Fig. 4c demonstrates temporal validation results. LIRICNN and LiricLR achieved average test AUCs of 0.737 (95% CI: 0.695 to 0.778) and 0.740 (95% CI: 0.710 to 0.770), respectively.

### Simulated deployment results

For the general population, we simulated model deployment with enrollment from Feb 7, 2020 to Nov 3, 2020 on 145,875 patients (including 8,660 HCC cases) in the test set. Mean ages at enrollment and at HCC diagnosis were 61.36 (SD 11.64) and 67.32 (SD 9.53). Patients were followed up for 3.14 (SD 0.23) years on average. Table 2 shows sensitivity, specificity, PPV estimation on the entire TriNetX population, MEPD, NNS, No. in bin, and No. of cases metrics achieved given different risk levels predicted by LiricNN and LIRICLR.

For the cirrhosis population, we simulated model deployment with enrollment from Dec 3, 2020 to Mar 3, 2021 on 27,539 patients (including 3,426 HCC cases) in the test set. Mean ages at enrollment and at HCC diagnosis were 62.43 (SD 10.28) and 66.41 (SD 8.99). Patients were followed up for 2.74 (SD 0.06) years on average. Table 3 shows sensitivity, specificity, PPV, MEPD, NNS, No. in bin, and No. of cases metrics achieved given different risk levels predicted by LiricNN and LiricLR.

## Discussion

We developed, validated, and simulated the deployment of LIver RIsk Computation (Liric) models. Liric models can accurately identify individuals at high-risk of HCC from the general population, three years before diagnosis, using routinely collected patient clinical and lab data from 64 HCOs across the US. Models were trained on 46,679 HCC cases and 1,128,202 controls. LiricNN achieved an AUC of 0.93 and LiricLR an AUC of 0.90 on the test sets. Calibration measuring the predicted risks to the actual risks was excellent, with a GMOE of 0.86 for PrismNN and 0.91 for PrismLR. During training, features were automatically derived from demographics, diagnoses, medications, and lab results using a data-driven feature selection approach. Typical AI models operate opaquely, where the specific features used by a model or the decision process based on those features are not understood by humans. However, we prioritized enhanced interpretability and evaluated which features were top predictors for the model. This process identified 46 features, which encompass previously recognized factors associated with HCC development such as age, sex, cirrhosis, hepatitis, and diabetes mellitus.

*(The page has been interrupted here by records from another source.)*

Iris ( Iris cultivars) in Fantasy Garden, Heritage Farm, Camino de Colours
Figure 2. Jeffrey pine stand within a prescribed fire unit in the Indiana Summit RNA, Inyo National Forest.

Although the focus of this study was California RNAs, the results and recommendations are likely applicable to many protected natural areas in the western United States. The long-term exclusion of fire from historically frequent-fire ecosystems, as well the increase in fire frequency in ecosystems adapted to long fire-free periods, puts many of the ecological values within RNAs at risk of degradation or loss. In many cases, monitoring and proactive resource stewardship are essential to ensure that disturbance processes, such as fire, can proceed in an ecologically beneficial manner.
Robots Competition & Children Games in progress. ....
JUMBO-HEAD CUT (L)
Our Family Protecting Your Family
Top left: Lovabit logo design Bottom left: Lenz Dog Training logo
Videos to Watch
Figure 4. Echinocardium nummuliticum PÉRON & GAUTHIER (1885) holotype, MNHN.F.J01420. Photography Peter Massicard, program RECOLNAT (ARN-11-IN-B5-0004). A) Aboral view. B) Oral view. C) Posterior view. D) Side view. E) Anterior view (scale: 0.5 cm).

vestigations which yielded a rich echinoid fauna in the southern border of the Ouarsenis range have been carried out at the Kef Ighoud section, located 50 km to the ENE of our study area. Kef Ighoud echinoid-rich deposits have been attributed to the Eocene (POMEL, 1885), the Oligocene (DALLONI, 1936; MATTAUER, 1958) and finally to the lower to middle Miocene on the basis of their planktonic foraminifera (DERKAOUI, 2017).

Additionally, it facilitated the discovery of novel features influencing model predictions, such as the frequency of clinical encounters prior to an HCC diagnosis, as well as serum levels of platelets, albumin, and aminotransferase values.

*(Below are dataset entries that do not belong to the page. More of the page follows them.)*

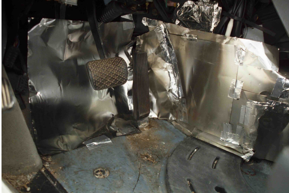
Shielding of a footwell using mumetal foil. Once the panels were put back in place, the shielding was no longer visible. In this case, the shielding reduced low-frequency radiation by about half, which is actually very little.

In general, steel, silicone steel and mumetal (special alloys) are best for low frequencies, while aluminum foil is best for radio frequencies.
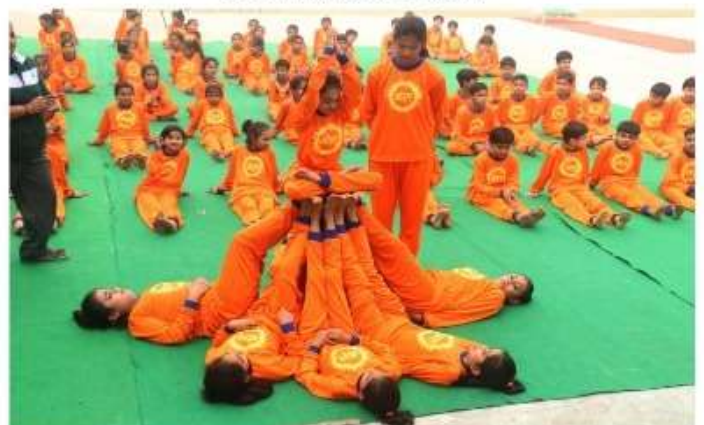
Yoga for all
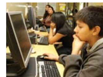
Starbird Youth Center 2007
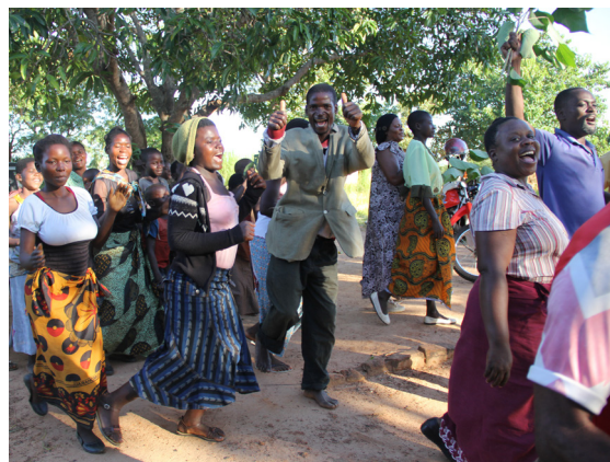
CLTS triggering in Malawi, May 2015.

There is also a clear need for sensitivity when triggering, the strong emotions it can bring up could be detrimental to the process ( Balfour et al ), and may not be appropriate or ethical in situations where people have experienced recent shock or trauma ( Polo ). As always, context is critical: facilitators must be experienced and understand the context and culture before implementation. A recent
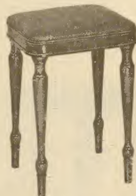
No. 907—SU9 SEAT 12\frac{1}{4} \times 12\frac{1}{4} IN.
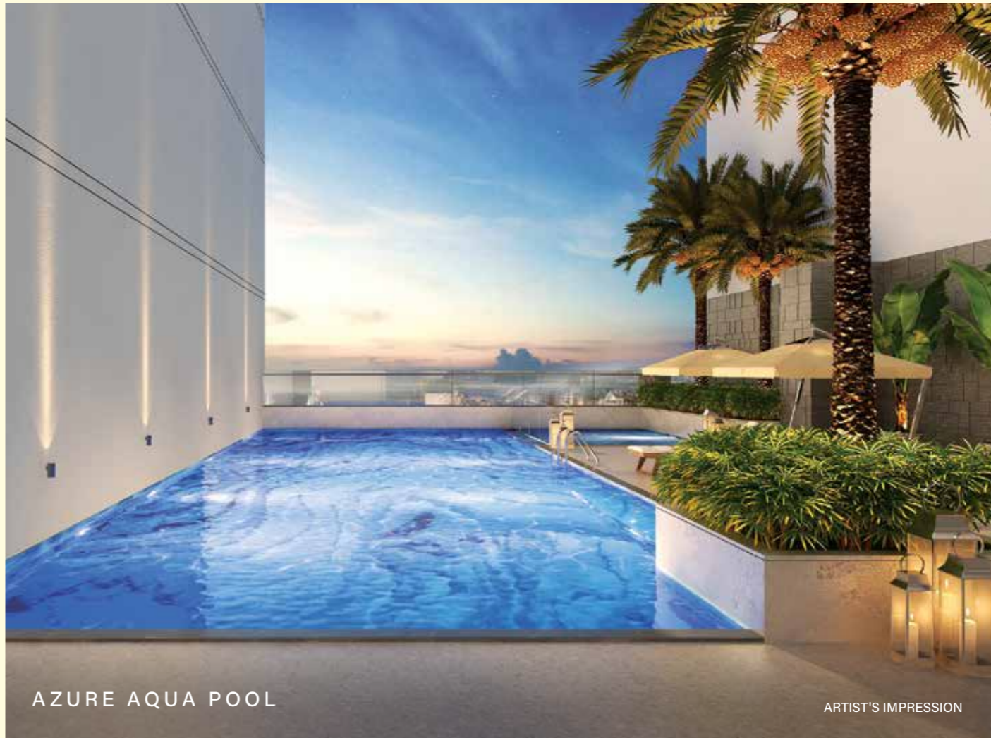
AZURE AQUA POOL

Another issue for AI-derived models is the concern for racial bias and healthcare disparities [34]. To address this concern, we evaluated our models across different races and geographic locations across the country. Race-based internal-external validation demonstrated model generalizability across diverse populations with minimal performance drop. Results of location-based validation showed modest AUC drops, implying that there are systematic differences between EHR data from geographically different HCOs. Models maintained good performance in temporal validation.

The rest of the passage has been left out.